Os pneus haviam sido escolhidos para distribuir a massa e evitar o acúmulo de neve em sulcos, mas os testes realizados em dunas frias não reproduziram as condições reais da Antártida. A equipe adicionou os dois pneus sobressalentes às rodas dianteiras e instalou correntes nas traseiras, sem resolver completamente o problema. Em uma tentativa, foram necessárias cerca de 15 horas para percorrer apenas 1,5 quilômetro.

O que os números do Snow Cruiser revelam sobre a ambição?

A diferença entre o desempenho planejado e o resultado no gelo mostra por que o projeto se tornou um dos fracassos mais conhecidos da exploração polar. No papel, ele combinava grande autonomia, velocidade razoável em terreno firme e capacidade para atravessar obstáculos que interromperiam veículos convencionais. Na neve profunda, quase todas essas vantagens desapareceram.

O plano O que ocorreu
17 metros
Base móvel completa
37 toneladas
Peso excessivo na neve
8 mil km
Autonomia projetada
1,5 km
Em uma tentativa de 15 horas
Pneus de 3 m
Menor pressão no solo
Quase 1 m
Afundamento na neve
Até 48 km/h
Em superfície firme
Passo lento
No terreno antártico

O sistema diesel-elétrico era avançado para a época e eliminava longos eixos mecânicos atravessando a carroceria. Dois motores a diesel alimentavam geradores, enquanto cada roda possuía seu próprio motor elétrico. O problema não estava apenas na potência: o conjunto havia sido dimensionado com base em previsões incorretas sobre a resistência e a consistência da neve.

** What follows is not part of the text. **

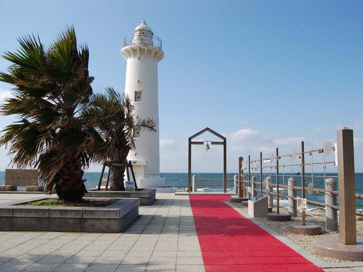 野間灯台 →(タクシーまたは車で10分)→ 恋の水神社 →(タクシーまたは車で6分)→ 南知多ビーチランド

Ele foi abandonado logo depois de parar?

Apesar de ter falhado como veículo de longa distância, a máquina não foi descartada imediatamente. A equipe conseguiu levá-la até a base Little America III e transformou sua carroceria em alojamento fixo. O isolamento interno funcionava razoavelmente bem, e o enorme veículo continuou servindo como abrigo e espaço de trabalho durante parte da expedição.

Com a Segunda Guerra Mundial alterando as prioridades dos Estados Unidos, a missão foi encerrada e a estrutura acabou deixada na Antártida em dezembro de 1940. Registros fotográficos mostram o veículo cercado por neve pouco antes do abandono. Ele ainda foi localizado por expedições posteriores, incluindo uma redescoberta em 1958 sob aproximadamente 4,3 metros de gelo e neve.

Pneus monumentais enfrentaram problemas de tração logo nos primeiros testes
Pneus monumentais enfrentaram problemas de tração logo nos primeiros testes

Onde o Snow Cruiser pode estar escondido hoje?

Depois de 1958, nenhuma equipe conseguiu localizar novamente o veículo com segurança. Como a base Little America III estava sobre a plataforma de gelo Ross, uma região que se movimenta lentamente em direção ao mar, pesquisadores consideram provável que o bloco onde a máquina permanecia tenha se desprendido durante as décadas seguintes.

Ele pode continuar profundamente enterrado sob o gelo ou ter afundado no Oceano Austral depois que a plataforma se rompeu. O destino permanece desconhecido, encerrando a história com uma ironia: uma máquina projetada para revelar áreas nunca exploradas da Antártida acabou se tornando um dos objetos perdidos mais misteriosos do próprio continente.